Exercise aim:
Skip the pictures and repeat each line of the data exactly.

Recorded information:
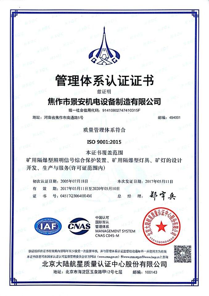 焦作市景安機電設備制造有限公司(原焦作市無線電一廠),是國家重點生產礦用防爆電子電器產品的專業企業,全國煤炭行業機電產品定點生產單位,中國電器工業協會防爆電氣分會理事,市級礦用隔爆型工程技術中心,公司占地30000平方米,廠房10000平方米,ISO9001:2008質量管理體系和A級計量認證企業。
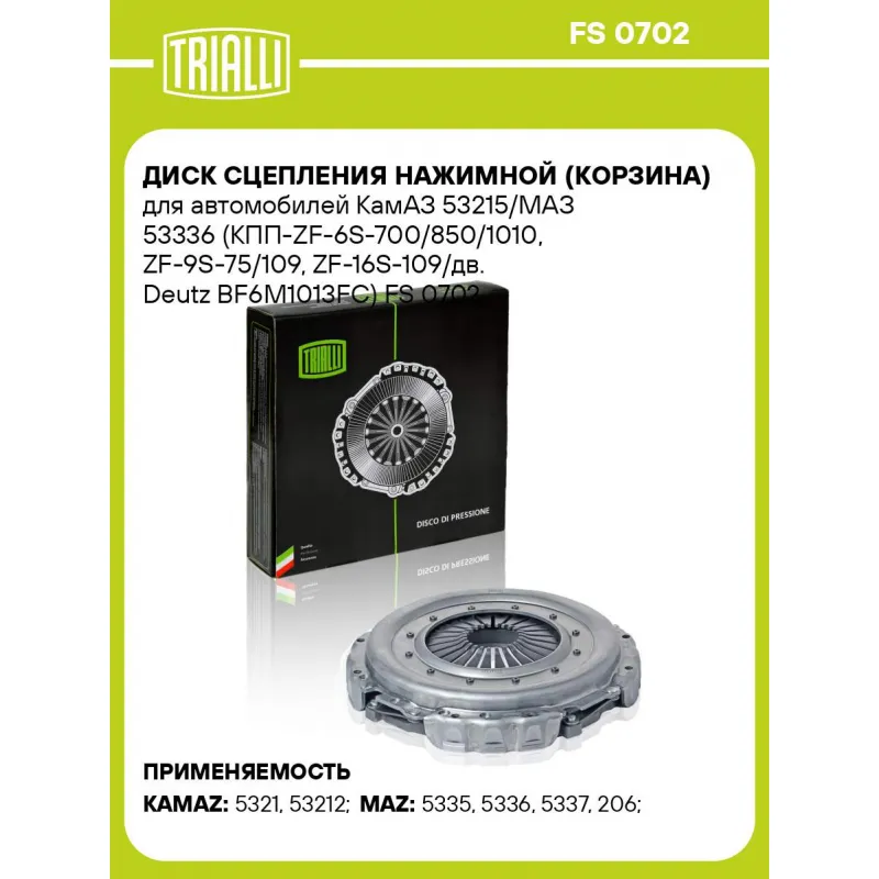 Диск сцепления нажимной (корзина) для автомобилей КамАЗ 53215/МАЗ 53336 (КПП-ZF-6S-700/850/1010, ZF-9S-75/109, ZF-16S-109/дв. Deutz BF6M1013FC) Характеристики: Артикул: FS 0702 OEM номера: 81.30305-0216, 81.30305-0223, 81.30305-9223, A 007 250 15 04, A 006 250 34 04, A 006 250 32 04, A 006 250 84 04, 007 250 15 04, 006 250 34 04, 007 250 15 04 80, 0062503204, 0062508404, 0421.346.00, 5654557, 3 482 123 833, 62503204, 62503404, 62508404, 72501504 Диаметр, мм: 396 Тип двигателя: Deutz BF6M1013FC Количество на автомобиль: 1 Гарантийный срок: 12 месяцев без ограничения по пробегу Сопутствующий товар: Ведомые диски сцепления: FD 0704; FD 0705 Товарная линейка: BLACK Тип КПП: ZF-6S-700/850/1010, ZF-9S-75/109, ZF-16S-109 Подходит для авто: КамаАЗ 5321, 53212, 5321, 53212, 53212 МАЗ 5335, 5336, 5335, 5336, 5337, 206 (07-) Для проверки применяемости отправьте VIN автомобиля через вкладку "Есть вопросы о товаре?" Комплектация: Диск сцепления нажимной - 1 шт Гарантия: от 1 года.
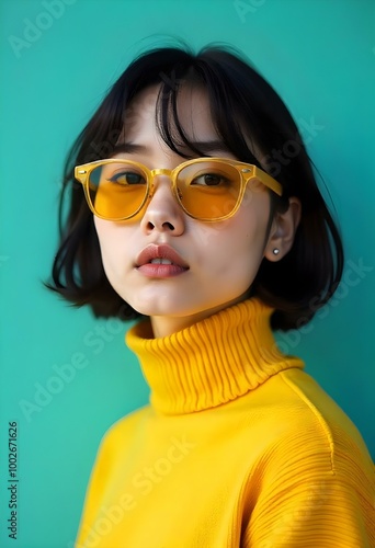 woman, wearing, yellow, goggles, sweater, smiling, portrait, fashionable, young, face, attractive, model, beauty, sunglasses, female, hair, pretty, caucasian, style, glamour, brunette, person, cute, adult, white, summer, colours, background, studio, stylish, happy, lip, bright

Result for this exercise:
 焦作市景安機電設備制造有限公司(原焦作市無線電一廠),是國家重點生產礦用防爆電子電器產品的專業企業,全國煤炭行業機電產品定點生產單位,中國電器工業協會防爆電氣分會理事,市級礦用隔爆型工程技術中心,公司占地30000平方米,廠房10000平方米,ISO9001:2008質量管理體系和A級計量認證企業。
 Диск сцепления нажимной (корзина) для автомобилей КамАЗ 53215/МАЗ 53336 (КПП-ZF-6S-700/850/1010, ZF-9S-75/109, ZF-16S-109/дв. Deutz BF6M1013FC) Характеристики: Артикул: FS 0702 OEM номера: 81.30305-0216, 81.30305-0223, 81.30305-9223, A 007 250 15 04, A 006 250 34 04, A 006 250 32 04, A 006 250 84 04, 007 250 15 04, 006 250 34 04, 007 250 15 04 80, 0062503204, 0062508404, 0421.346.00, 5654557, 3 482 123 833, 62503204, 62503404, 62508404, 72501504 Диаметр, мм: 396 Тип двигателя: Deutz BF6M1013FC Количество на автомобиль: 1 Гарантийный срок: 12 месяцев без ограничения по пробегу Сопутствующий товар: Ведомые диски сцепления: FD 0704; FD 0705 Товарная линейка: BLACK Тип КПП: ZF-6S-700/850/1010, ZF-9S-75/109, ZF-16S-109 Подходит для авто: КамаАЗ 5321, 53212, 5321, 53212, 53212 МАЗ 5335, 5336, 5335, 5336, 5337, 206 (07-) Для проверки применяемости отправьте VIN автомобиля через вкладку "Есть вопросы о товаре?" Комплектация: Диск сцепления нажимной - 1 шт Гарантия: от 1 года.
 woman, wearing, yellow, goggles, sweater, smiling, portrait, fashionable, young, face, attractive, model, beauty, sunglasses, female, hair, pretty, caucasian, style, glamour, brunette, person, cute, adult, white, summer, colours, background, studio, stylish, happy, lip, bright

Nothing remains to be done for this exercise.